The Supreme Court ruled 6-3 that President Trump's executive order ending birthright citizenship for the children of illegal aliens violates the Constitution — and the establishment press celebrated by smearing the three justices who actually engaged with the original meaning of the text.
The stakes are straightforward: if being born on U.S. soil to parents who are here illegally automatically grants citizenship, then the border is never truly enforceable and the cheap-labor lobby always wins. Chief Justice John Roberts wrote the majority opinion rejecting Trump's Executive Order No. 14160, issued on his first day back in office. Justices Clarence Thomas, Sam Alito, and Neil Gorsuch dissented, arguing that the 14th Amendment's phrase "subject to the jurisdiction thereof" excludes persons born to parents not under complete U.S. political jurisdiction.
The Boulder Daily Camera, reprinting a New York Daily News editorial, called Trump's order "idiotic" and "xenophobic" and said the three dissenting justices should be "put to shame." The editorial accused them of "twisting the words to suit their own ends" — without once grappling with the actual textualist argument.

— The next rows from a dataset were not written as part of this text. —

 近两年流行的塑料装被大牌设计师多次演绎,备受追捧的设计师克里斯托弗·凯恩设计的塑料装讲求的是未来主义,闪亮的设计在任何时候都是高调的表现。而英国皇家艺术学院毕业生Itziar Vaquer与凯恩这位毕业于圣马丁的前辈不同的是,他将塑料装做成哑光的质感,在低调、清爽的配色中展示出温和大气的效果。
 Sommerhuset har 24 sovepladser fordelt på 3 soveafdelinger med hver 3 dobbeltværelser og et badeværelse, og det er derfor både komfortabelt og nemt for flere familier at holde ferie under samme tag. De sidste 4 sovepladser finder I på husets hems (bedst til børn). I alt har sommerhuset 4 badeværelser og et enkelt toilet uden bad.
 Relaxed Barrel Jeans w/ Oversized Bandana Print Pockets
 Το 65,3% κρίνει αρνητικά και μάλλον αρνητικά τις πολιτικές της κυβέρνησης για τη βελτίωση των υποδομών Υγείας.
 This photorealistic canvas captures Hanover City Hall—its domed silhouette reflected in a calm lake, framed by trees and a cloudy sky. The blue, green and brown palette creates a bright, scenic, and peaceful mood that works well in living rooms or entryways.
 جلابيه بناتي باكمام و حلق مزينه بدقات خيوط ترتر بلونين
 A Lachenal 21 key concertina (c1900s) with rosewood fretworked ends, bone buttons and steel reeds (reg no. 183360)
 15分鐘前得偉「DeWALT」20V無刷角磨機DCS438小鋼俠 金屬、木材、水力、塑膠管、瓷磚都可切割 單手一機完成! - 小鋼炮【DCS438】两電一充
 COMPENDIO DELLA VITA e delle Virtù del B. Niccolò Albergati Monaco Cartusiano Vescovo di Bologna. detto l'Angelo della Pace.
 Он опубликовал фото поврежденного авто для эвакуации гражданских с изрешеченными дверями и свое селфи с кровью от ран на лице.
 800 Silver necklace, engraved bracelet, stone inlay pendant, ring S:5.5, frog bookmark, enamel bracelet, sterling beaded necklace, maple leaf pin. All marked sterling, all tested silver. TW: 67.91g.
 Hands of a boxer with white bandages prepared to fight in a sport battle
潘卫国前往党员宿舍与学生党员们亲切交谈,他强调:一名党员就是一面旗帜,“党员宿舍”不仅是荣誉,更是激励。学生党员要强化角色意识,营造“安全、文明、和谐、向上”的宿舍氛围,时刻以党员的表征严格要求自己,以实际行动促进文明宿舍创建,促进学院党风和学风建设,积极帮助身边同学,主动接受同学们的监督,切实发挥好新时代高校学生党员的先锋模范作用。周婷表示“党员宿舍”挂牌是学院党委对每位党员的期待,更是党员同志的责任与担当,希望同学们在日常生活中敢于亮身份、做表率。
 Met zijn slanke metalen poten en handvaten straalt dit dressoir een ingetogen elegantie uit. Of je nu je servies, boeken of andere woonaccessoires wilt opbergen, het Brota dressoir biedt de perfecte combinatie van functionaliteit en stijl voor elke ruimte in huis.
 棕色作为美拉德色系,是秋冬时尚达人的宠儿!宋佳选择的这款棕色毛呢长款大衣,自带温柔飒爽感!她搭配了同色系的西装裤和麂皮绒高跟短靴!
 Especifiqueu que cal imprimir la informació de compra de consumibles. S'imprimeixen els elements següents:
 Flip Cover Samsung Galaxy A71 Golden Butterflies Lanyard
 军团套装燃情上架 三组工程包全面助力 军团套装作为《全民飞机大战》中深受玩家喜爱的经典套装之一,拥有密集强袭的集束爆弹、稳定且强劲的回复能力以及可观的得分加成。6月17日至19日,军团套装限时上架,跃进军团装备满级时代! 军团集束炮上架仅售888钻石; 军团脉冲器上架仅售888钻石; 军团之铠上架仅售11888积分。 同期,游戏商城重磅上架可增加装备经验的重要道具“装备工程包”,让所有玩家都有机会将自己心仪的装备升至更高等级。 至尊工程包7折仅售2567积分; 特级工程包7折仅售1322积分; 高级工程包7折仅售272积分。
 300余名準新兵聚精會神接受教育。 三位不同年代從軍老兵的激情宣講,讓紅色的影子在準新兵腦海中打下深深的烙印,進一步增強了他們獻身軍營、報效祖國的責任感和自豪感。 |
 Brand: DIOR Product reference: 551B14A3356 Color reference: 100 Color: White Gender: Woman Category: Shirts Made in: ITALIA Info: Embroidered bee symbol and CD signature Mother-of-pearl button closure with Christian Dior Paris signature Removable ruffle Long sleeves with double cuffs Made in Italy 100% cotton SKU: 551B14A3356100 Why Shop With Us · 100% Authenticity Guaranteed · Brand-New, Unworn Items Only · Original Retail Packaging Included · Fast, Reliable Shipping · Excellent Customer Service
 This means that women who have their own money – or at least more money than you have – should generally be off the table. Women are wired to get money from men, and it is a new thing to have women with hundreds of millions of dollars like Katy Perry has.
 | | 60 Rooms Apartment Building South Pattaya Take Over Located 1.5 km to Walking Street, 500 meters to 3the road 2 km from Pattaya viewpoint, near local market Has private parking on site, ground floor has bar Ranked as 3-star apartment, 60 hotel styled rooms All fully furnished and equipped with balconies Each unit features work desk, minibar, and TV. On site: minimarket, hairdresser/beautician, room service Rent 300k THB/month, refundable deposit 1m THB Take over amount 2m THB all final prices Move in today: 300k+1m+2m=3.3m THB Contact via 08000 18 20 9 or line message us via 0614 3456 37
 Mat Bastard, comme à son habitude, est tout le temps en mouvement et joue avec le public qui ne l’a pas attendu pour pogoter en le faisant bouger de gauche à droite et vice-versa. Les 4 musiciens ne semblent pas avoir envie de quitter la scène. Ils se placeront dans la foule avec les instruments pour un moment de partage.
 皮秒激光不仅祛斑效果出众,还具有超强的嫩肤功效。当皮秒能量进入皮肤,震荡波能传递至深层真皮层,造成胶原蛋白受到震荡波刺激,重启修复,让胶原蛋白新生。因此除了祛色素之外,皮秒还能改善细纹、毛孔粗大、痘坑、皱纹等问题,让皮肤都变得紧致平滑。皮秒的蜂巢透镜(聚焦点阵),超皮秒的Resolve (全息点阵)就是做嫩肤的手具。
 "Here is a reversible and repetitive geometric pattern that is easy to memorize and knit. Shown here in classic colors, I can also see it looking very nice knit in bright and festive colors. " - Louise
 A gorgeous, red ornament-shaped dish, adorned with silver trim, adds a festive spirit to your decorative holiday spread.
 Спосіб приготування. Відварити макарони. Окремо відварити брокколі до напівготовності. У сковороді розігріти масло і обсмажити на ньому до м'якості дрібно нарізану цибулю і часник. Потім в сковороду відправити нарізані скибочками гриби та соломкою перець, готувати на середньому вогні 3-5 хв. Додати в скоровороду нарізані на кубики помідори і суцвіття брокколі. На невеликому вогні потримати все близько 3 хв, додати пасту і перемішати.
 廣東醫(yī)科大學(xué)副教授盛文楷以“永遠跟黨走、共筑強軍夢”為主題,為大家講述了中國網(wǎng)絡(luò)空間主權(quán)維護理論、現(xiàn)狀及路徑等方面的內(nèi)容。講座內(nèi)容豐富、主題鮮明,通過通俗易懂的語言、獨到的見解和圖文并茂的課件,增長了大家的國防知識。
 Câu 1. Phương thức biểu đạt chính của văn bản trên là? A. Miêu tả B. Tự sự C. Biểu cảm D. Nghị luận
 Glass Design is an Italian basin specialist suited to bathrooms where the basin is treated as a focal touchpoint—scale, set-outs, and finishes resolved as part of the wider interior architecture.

Here is the argument the press refuses to make: The 14th Amendment was ratified in 1868, after the Civil War, to guarantee citizenship for freed slaves. Its framers understood "subject to the jurisdiction thereof" to mean persons owing complete political allegiance to the United States. Illegal immigrants are subject to U.S. law in a narrow sense but owe no political allegiance — they are citizens of another country, present in violation of U.S. law. That distinction is the entire originalist case, and it is not frivolous.
The Camera editorial cites the 1898 Wong Kim Ark decision as having settled the question for 130 years. But Wong Kim Ark involved the child of legal Chinese residents — not illegal border-crossers. Conflating the two is either sloppy or deliberate. The editorial dismisses the originalist reading as the "pet project of cranks" and says "friendly legal scholars rushed to backfill legal rationalizations" only after Trump took up the cause. Translation: no constitutional argument that threatens the open-borders consensus will be taken seriously, no matter its merit.
The pattern extends beyond the courtroom. The Philadelphia Inquirer reported that the Trump administration is rushing to install new exhibit panels at the President's House in Philadelphia, replacing displays about slavery that the National Park Service dismantled in January. At least 50 exhibits have been pulled from more than 30 national park sites as part of the administration's effort to remove displays that "inappropriately disparage Americans past or living." The Inquirer frames this as "whitewashing" — the same reflex that drives the birthright citizenship coverage. Any attempt to revisit how America's founding documents and history are interpreted gets branded as extremism rather than engaged on the substance.
Trump is now calling on Congress to end birthright citizenship by legislation, as the Camera itself notes — though whether that's constitutional without an amendment is the very question the press won't debate honestly.
The Constitution won this round, the press cheers. Whether the Constitution as written — not as the commentariat wishes it read — ever gets a fair hearing remains the open question.